A tese de que o efeito dominó é fruto das novas tecnologias da informação, além de simplista, é exagerada. As redes sociais têm um enorme poder de convocação, mas para que esta convocação produza algum resultado é indispensável a existência de uma massa crítica e um senso de urgência que uma sociedade como a egípcia – muito mais sofisticada do que a da líbia ou a iemenita – incubava há tempos.
Mais plausível é a hipótese de fadiga de material. O desgaste das tiranias, caudilhismos e autocracias é muito maior do que nos sistemas políticos renováveis, plena ou medianamente representativos. Demagogos cansam, seu estoque de truques não consegue produzir mágicas no mesmo ritmo e com a mesma intensidade do mundo real. Hugo Chávez que o diga.
O velho mimetismo, o mesmo que espalhou o vírus do fascismo nos anos 20 e 30 do século passado, este ainda funciona. Seu fruto mais recente é o conservadorismo do movimento Tea Party americano, misto de religião, incultura e ideologia.
Não adianta forçar conclusões e entregar-se às tentações da história instantânea.
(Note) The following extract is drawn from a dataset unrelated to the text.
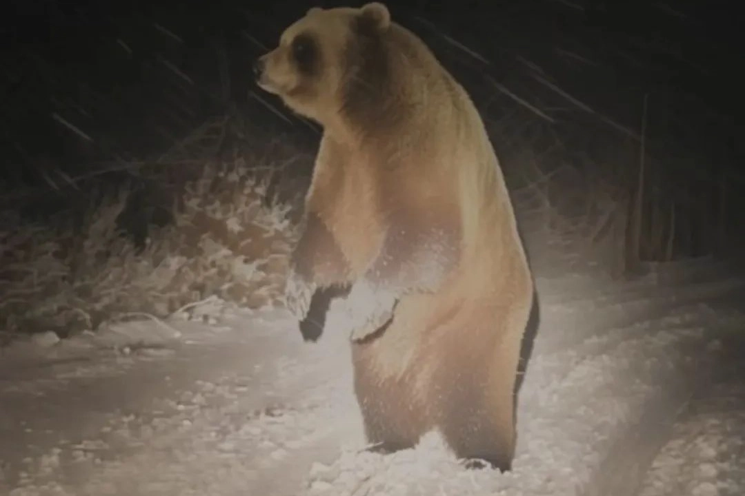 Beyaza bürünen Delmece Yaylası’nda ilerleyen araçların önüne, bir anda bir ayının çıkması herkesi şaşkına çevirdi. Keyifli başlayan “kar keyfi”, saniyeler içinde adrenalin dolu anlara dönüştü.

Este foi o erro dos formuladores da política externa do presidente Lula, que num dos seus arroubos chegou a chamar Muammar Kadafi de “amigo e irmão”.
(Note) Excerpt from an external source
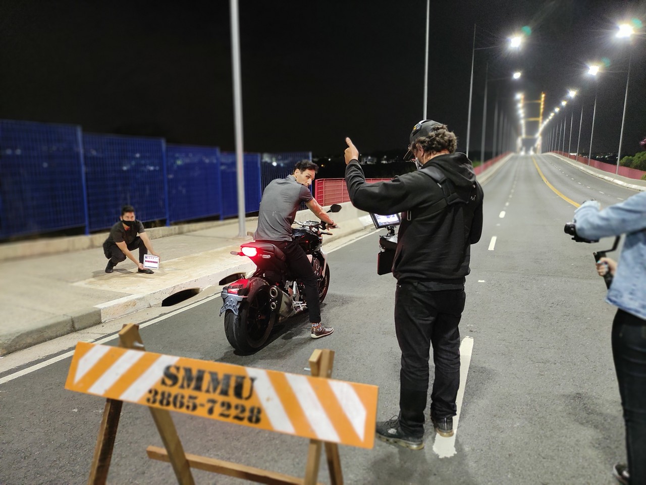 De acordo com o cineasta, foram filmadas cenas de perseguição com dublês, que utilizaram três motos. André Luís Camargo ficou "encantado" com a ponte quando passou por ela de carro. Ele explicou que a ponte foi escolhida por ser toda iluminada, por sua beleza e extensão. O diretor destacou ainda que "Tração" é o primeiro filme de ação brasileiro com motos. Antes de se tornar cineasta, André Luís Camargo foi piloto de motocross, tendo disputado competições no Brasil e internacionais.

O dominó mal começou, as combinações das 28 peças pretas com bolinhas brancas ainda não foram completadas, a velocidade de cruzeiro sequer foi alcançada. Importante, por ora, é observar como um grande pedaço do mundo, estático e fechado, finalmente começou a abrir e mover-se.
» Alberto Dines é jornalista.
FONTE: JORNAL DO COMMERCIO (PE)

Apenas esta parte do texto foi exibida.